Reviewing the evidence base for de-escalation training: a rapid evidence assessment
De-escalation training for NHS staff may not in itself reduce the number of violent or aggressive incidents, but it has been shown to contribute to a significant reduction in lost workdays, improved staff retention, reduced complaints, and reduced overall expenditure, and it may help staff to manage patient violence and aggression.
However, using comprehensive approaches to managing violence in NHS settings may be more effective than de-escalation training alone.
Violence in the workplace is a major issue for healthcare providers. Estimates suggest that around 15 per cent of NHS staff in England experienced physical violence in 2017. Those running healthcare services have a duty of care to their staff to prevent and minimise workplace violence, but complete eradication of violence is not always possible given the types of work that some healthcare professionals do and the patients with whom they work.
As a way to help staff manage, reduce or prevent violence from occurring in the first place, NHS England and NHS Improvement asked RAND Europe to conduct an analysis of de-escalation training to support the development of this type of training within health settings.
The study focused on individual skills-based training to help reduce workplace violence and addressed four overarching research questions:
- Is de-escalation training effective in managing violence towards NHS staff?
- What are the benefits and key methods used to provide the training?
- What are the key types of training and content within the evidence base?
- What are the factors of success in deploying training from the evidence base?
To answer the research questions the team conducted a rapid evidence assessment (REA) of de-escalation training literature. REAs allow for a systematic and critical assessment of the scope and quality of the evidence available. Given that there were several existing reviews evaluating the efficacy of de-escalation training in healthcare settings, the researchers' approach to the REA was to perform a review of existing de-escalation training reviews and other individual skills-based approaches to aggression management within the last 10 years (March 2009-March 2019).
Training may help staff to manage patient violence and aggression.
When staff have the appropriate knowledge, confidence and skills for handling aggressive or violent patients they may be less likely to experience negative outcomes such as injuries.

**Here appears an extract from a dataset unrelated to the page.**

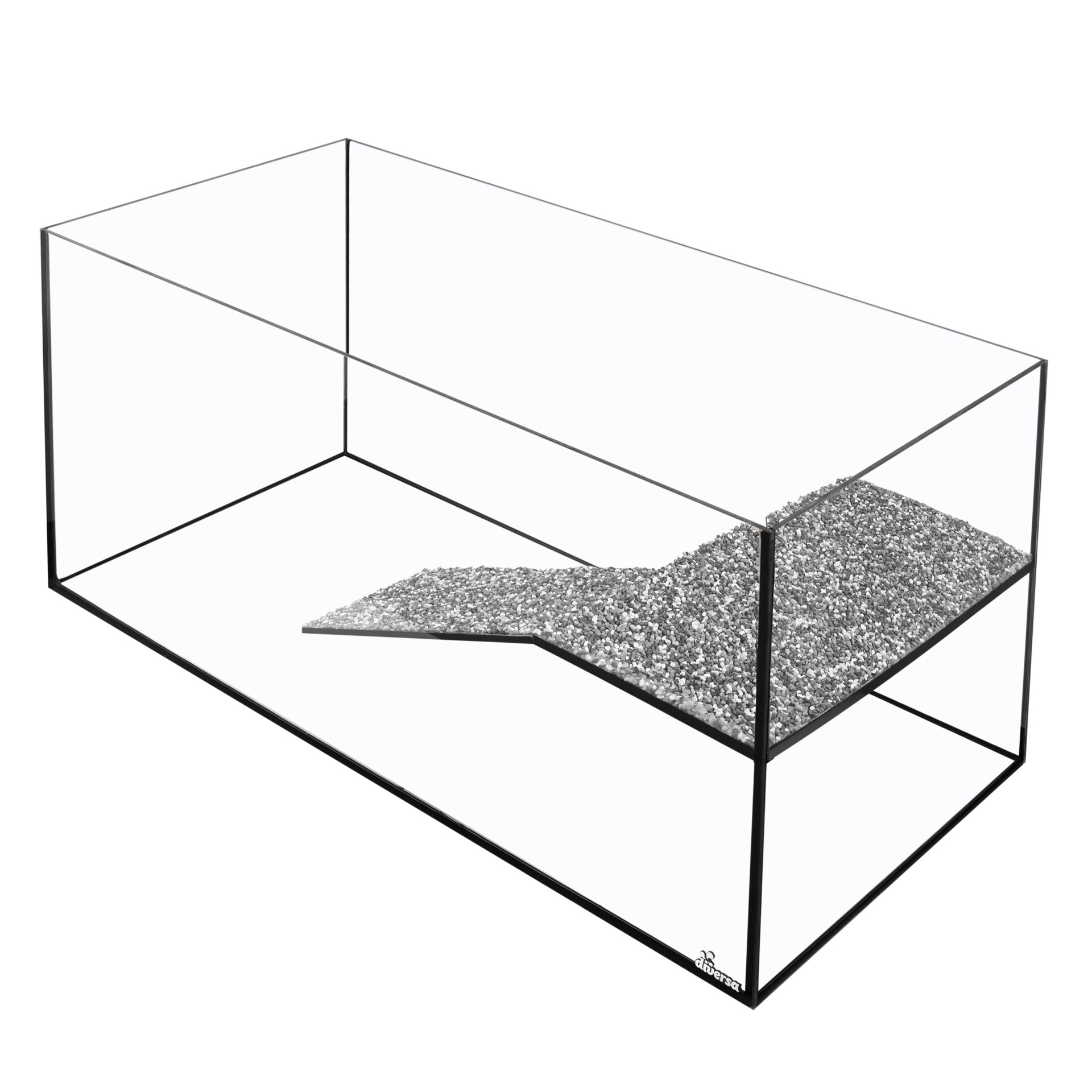 Die Insel, die integraler Bestandteil der Struktur ist, besteht aus Float-Glas und ist fest im Tank installiert. Die Oberfläche ist mit einem Kies bedeckt, der einen stabilen, rutschfesten Platz für Ruhe, Sonnen und vollständige Körpertrocknung schafft – was entscheidend für die Gesundheit der Tiere ist.

De-escalation training may not in itself reduce the number of violent or aggressive incidents.
Evidence on whether de-escalation training is effective at reducing violent incidents is mixed, with few studies evaluating long-term effects of training. When reductions in violence were reported, they were not always sustained throughout a given study period, which may indicate there is a need for periodic interventions.
De-escalation training has been shown to contribute to a significant reduction in lost workdays, improved staff retention, reduced complaints, and reduced overall expenditure.

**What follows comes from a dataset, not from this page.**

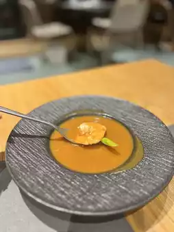Chose a honeydew iced soup, a lobster soup honeydew iced soup quite special soup is more thick drink fresh quite heavy honeydew flavor slightly a little avocado flavor and lobster soup taste quite rich with a little freshness in the middle of shrimp quite fresh and refreshing
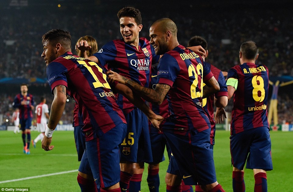 | Đội hình thi đấu: Barca: Ter Stegen, Alves, Pique, Bartra, Alba, Rakitic, Mascherano, Iniesta (Rafinha 76’), Pedro, Messi (El Haddadi 66’), Neymar (Ramirez 61’). Ajax: Cillessen, Van Rhijn, Veltman, Moisander, Viergever, Andersen, Zimling (Riedewald 56’), Klaassen, Schone, Sigthorsson (El Ghazi 73’), Kishna (Milik 45’). |

Key individual benefits from the training additionally show improved knowledge and confidence in identifying and handling aggressive patients. Providing staff with the tools to handle violent situations when they do occur is suggested to limit the negative impact of aggression and violence.
Using comprehensive approaches to managing violence in NHS settings may be more effective than de-escalation training alone.
The limited evidence on the efficacy of individual skills-based training suggest that a combination of factors such as security measures, environmental design and policy interventions, in addition to individual skills-based training, may provide increased benefit.
Providing staff with the tools to handle violent situations potentially limits the negative impact of aggression and violence within those situations. The key benefits of this include:
- a reduction in lost workdays;
- a reduction in complaints; and
- improved staff confidence and retention.
Very few of the included reviews actually report on the methods used to provide the training, making it difficult to find common approaches and lessons learned. However there are indications that participants benefit from frequent provision of training, a culturally embedded programme of change to support the training and periodic refresher courses.
There are relatively few rigorous evaluation studies that provide for robust comparison and the quality of available evidence is limiting. Any efforts towards implementing de-escalation training would benefit from the inclusion of evaluation in their design. This would inform the development of the programme as well as support the knowledge base in general for de-escalation training.